**Source material:**
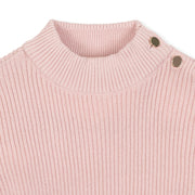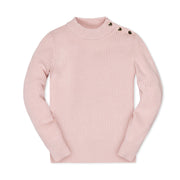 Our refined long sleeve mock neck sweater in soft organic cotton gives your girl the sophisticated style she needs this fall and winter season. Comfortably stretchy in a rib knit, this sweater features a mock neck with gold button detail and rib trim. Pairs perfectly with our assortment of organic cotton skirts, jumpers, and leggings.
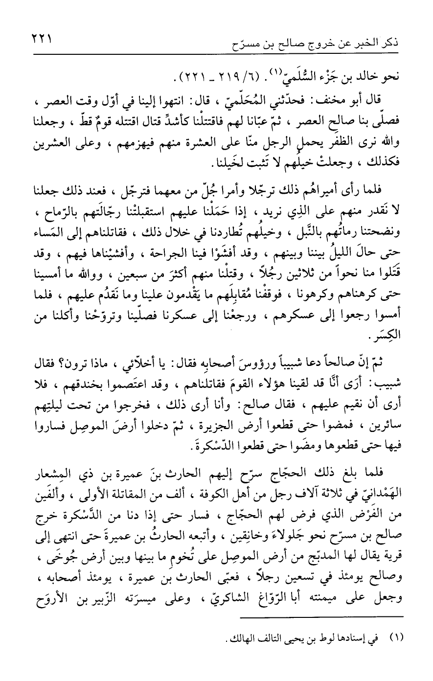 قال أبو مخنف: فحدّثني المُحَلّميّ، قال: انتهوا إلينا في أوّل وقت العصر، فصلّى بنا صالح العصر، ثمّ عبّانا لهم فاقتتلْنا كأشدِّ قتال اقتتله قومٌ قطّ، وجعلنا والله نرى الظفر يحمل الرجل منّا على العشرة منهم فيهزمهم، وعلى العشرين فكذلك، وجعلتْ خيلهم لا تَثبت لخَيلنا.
---
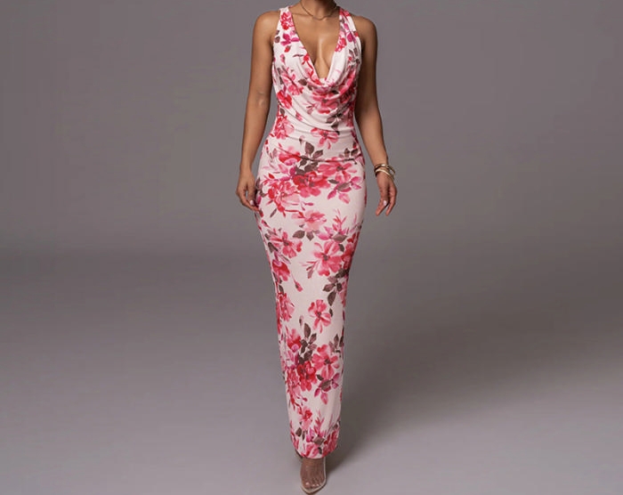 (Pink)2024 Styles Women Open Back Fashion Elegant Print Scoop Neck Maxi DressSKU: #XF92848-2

**Your goal:** Within the entries above, give again exactly the lines starting at the one that contains "Our refined long" and ending at the one that contains "قال أبو مخنف: فحدّثني", leaving out the pictures.

**Answer box:**
 Our refined long sleeve mock neck sweater in soft organic cotton gives your girl the sophisticated style she needs this fall and winter season. Comfortably stretchy in a rib knit, this sweater features a mock neck with gold button detail and rib trim. Pairs perfectly with our assortment of organic cotton skirts, jumpers, and leggings.
 قال أبو مخنف: فحدّثني المُحَلّميّ، قال: انتهوا إلينا في أوّل وقت العصر، فصلّى بنا صالح العصر، ثمّ عبّانا لهم فاقتتلْنا كأشدِّ قتال اقتتله قومٌ قطّ، وجعلنا والله نرى الظفر يحمل الرجل منّا على العشرة منهم فيهزمهم، وعلى العشرين فكذلك، وجعلتْ خيلهم لا تَثبت لخَيلنا.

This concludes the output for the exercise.